Re: [PATCH] sched/core: An optimization of pick_next_task() not sure

From: Peter Zijlstra
Date: Mon Aug 16 2021 - 14:54:15 EST


On Mon, Aug 16, 2021 at 11:44:01PM +0800, Tao Zhou wrote:
> When find a new candidate max, wipe the stale and start over.
> Goto again: and use the new max to loop to pick the the task.
>
> Here first want to get the max of the core and use this new
> max to loop once to pick the task on each thread.
>
> Not sure this is an optimization and just stop here a little
> and move on..
>

Did you find this retry was an issue on your workload? Or was this from
reading the source?

> ---
> kernel/sched/core.c | 52 +++++++++++++++++----------------------------
> 1 file changed, 20 insertions(+), 32 deletions(-)
>
> diff --git a/kernel/sched/core.c b/kernel/sched/core.c
> index 20ffcc044134..bddcd328df96 100644
> --- a/kernel/sched/core.c
> +++ b/kernel/sched/core.c
> @@ -5403,7 +5403,7 @@ pick_next_task(struct rq *rq, struct task_struct *prev, struct rq_flags *rf)
> const struct sched_class *class;
> const struct cpumask *smt_mask;
> bool fi_before = false;
> - int i, j, cpu, occ = 0;
> + int i, cpu, occ = 0;
> bool need_sync;
>
> if (!sched_core_enabled(rq))
> @@ -5508,11 +5508,27 @@ pick_next_task(struct rq *rq, struct task_struct *prev, struct rq_flags *rf)
> * order.
> */
> for_each_class(class) {
> -again:
> + struct rq *rq_i;
> + struct task_struct *p;
> +
> for_each_cpu_wrap(i, smt_mask, cpu) {
> - struct rq *rq_i = cpu_rq(i);
> - struct task_struct *p;
> + rq_i = cpu_rq(i);
> + p = pick_task(rq_i, class, max, fi_before);
> + /*
> + * If this new candidate is of higher priority than the
> + * previous; and they're incompatible; pick_task makes
> + * sure that p's priority is more than max if it doesn't
> + * match max's cookie.

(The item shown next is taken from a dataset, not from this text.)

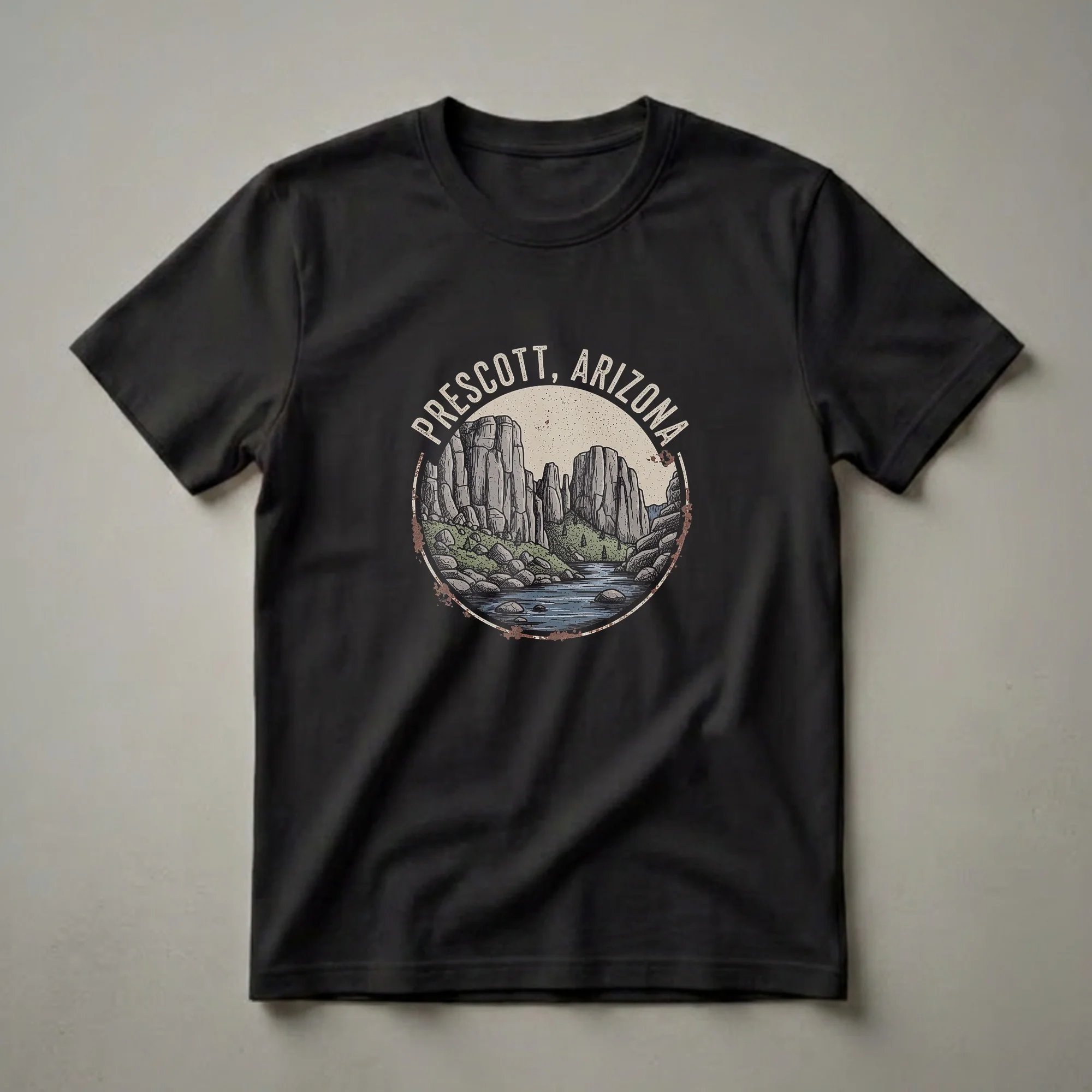 Prescott, Arizona residents and visitors who appreciate the rugged beauty of the Southwest will reach for this unique graphic tee. The design captures the iconic landscape of Prescott, known for its stunning granite dells and scenic beauty. This t-shirt features a hand-drawn illustration of a canyon with towering rock formations, a winding river, and lush green terrain, all enclosed within a circular emblem. The vintage aesthetic, complete with distressed textures, evokes a sense of nostalgia for this historic Arizona city. Prescott, established in 1864, served as Arizona's territorial capital and retains much of its historic charm. This apparel is a thoughtful gift for anyone who has explored the trails around Thumb Butte or enjoyed the cool waters of Watson Lake. Wear this shirt to a local brewery, a hike in the Prescott National Forest, or simply as a reminder of your favorite Arizona getaway. It's a staple in the collection for those who cherish the natural wonders of the American Southwest.

Update max.
> + *
> + * NOTE: this is a linear max-filter and is thus bounded
> + * in execution time.
> + */
> + if (!max || !cookie_match(max, p))
> + max = p;
> + }
>
> + for_each_cpu_wrap(i, smt_mask, cpu) {
> + rq_i = cpu_rq(i);
> if (rq_i->core_pick)
> continue;
>

This now calls pick_task() twice for each CPU, which seems unfortunate;
perhaps add q->core_temp storage to cache that result. Also, since the
first iteration is now explicitly about the max filter, perhaps we
shouuld move that part of pick_task() into the loop and simplify things
further?